Date: Monday, November 9, 2015

Title: Rheumatoid Arthritis-Small Molecules, Biologics and Gene Therapy III: Biosimilars

Session Type: ACR Concurrent Abstract Session

Session Time: 2:30PM-4:00PM

Background/Purpose: Infliximab (IFX) is the most immunogenic of anti-TNFα drugs available to treat patients with rheumatic diseases. The recent approval of the first infliximab biosimilars in Europe has raised safety and efficacy concerns. Both Inflectra (IFT) and Remsima (RMS), contain exactly the same active molecule produced with the same manufacturing process, but branded differently. One of the main questions is whether patients treated with Remicade (RMC) can be effectively and safely switched to the biosimilar drug. The purpose of the study was to determine if antibodies to infliximab (ATI) in RMC-treated patients cross-react with the biosimilar.

Methods: A total of 256 samples from 256 patients with rheumatoid arthritis (RA) and Spondyloarthritis (SpA) under RMC were retrospectively selected for the study.
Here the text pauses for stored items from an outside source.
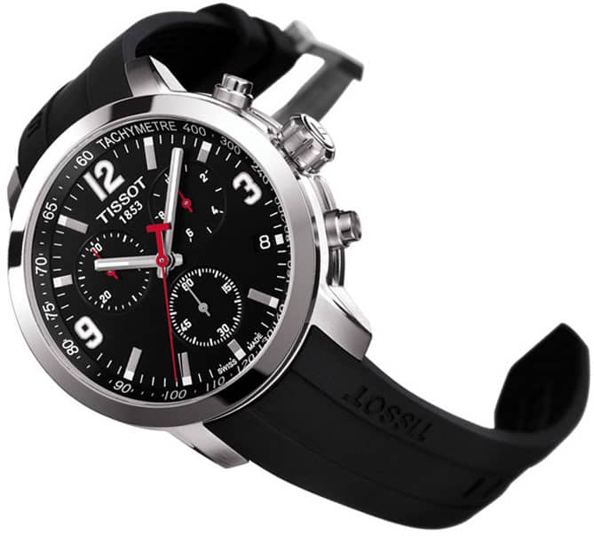 Tissot PRC 200 Chronograph Black Dial Silicone Strap Watch, 42mm
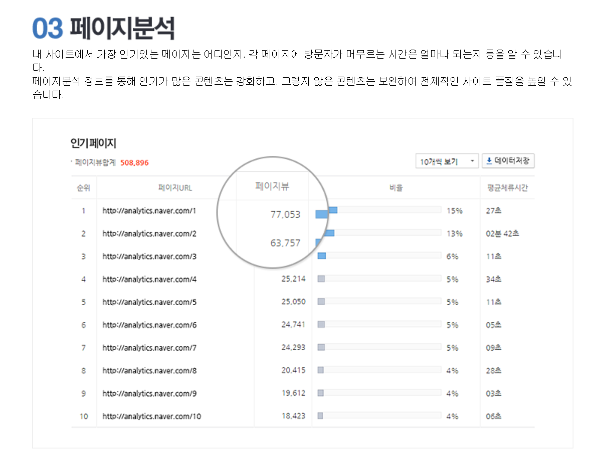 페이지분석은 내 사이트에서 가장 인기있는 페이지는 어디인지 각 페이지에 방문자가 머무르는 시간은 얼마나 되는지 등을 알 수 있고 페이지분석 정보를 통해 인기가 많은 콘텐츠는 강화하고 그렇지 않은 콘텐츠는 보완하여 전체적인 사이트 품질을 높일 수 있다
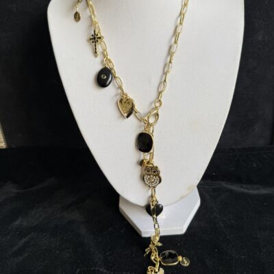 Pendenti charms con zirconi e smaltati: cuori smaltati neri, gufo argento sterling con zirconi, angioletto placcato 18 kt, croce con zirconi, 3 pietre di onice con medaglietta FC arg. 925 dorato

Serum was collected immediately before the infusion (trough levels) and stored until the analysis. ATI trough levels were measured in parallel with three different bridging ELISA assays: a) Promonitor-ANTI-IFX CE marked kit (Progenika Biopharma SA, Spain) which uses RMC to crosslink patient anti-drug antibodies (ADA); b) the same assay but using RMS, and c) the same assay but using IFT. Briefly, bridging ELISA takes advantage of the two arms of immunoglobulins to crosslink precoated and HRP-conjugated IFX, used as a capture and detection reagent, respectively. The same cut-point (5 AU/mL), as recommended in the kit package insert, was used in the three assays. Spearman´s coefficient and percentages of agreement were used to study the correlation and association between each assay.

Results: In total, 131 samples out of 256 RMC-treated patient samples were tested positive with Promonitor-ANTI-IFX (51.2%, 131 patients). All were ATI-positive when either IFT or RMC bridging assays were used. Only one sample was positive to antibodies to the biosimilars and negative to antibodies against RMC (<5, 5.3 and 7.0 AU/mL of ATI for RMC, IFT and RMS, respectively), with very low ATI levels close to the cut-point, and attributed to experimental variability. Positive and Negative Percentage Agreements were 99.2%/100%, 99.2%/100% and 100%/100%, for RMC vs. IFT, RMC vs. RMS, and IFT vs. RMS, respectively. Spearman´s coefficients were determined to be 0.995, 0.996 and 0.998, for RMC vs. IFT, RMC vs. RMS, and IFT vs. RMS, respectively (p<0.001). This is the first study that demonstrates cross-immunogenicity between RMC and biosimilar molecules in patients with rheumatic diseases. Results are in agreement with previous data in patients with inflammatory bowel diseases.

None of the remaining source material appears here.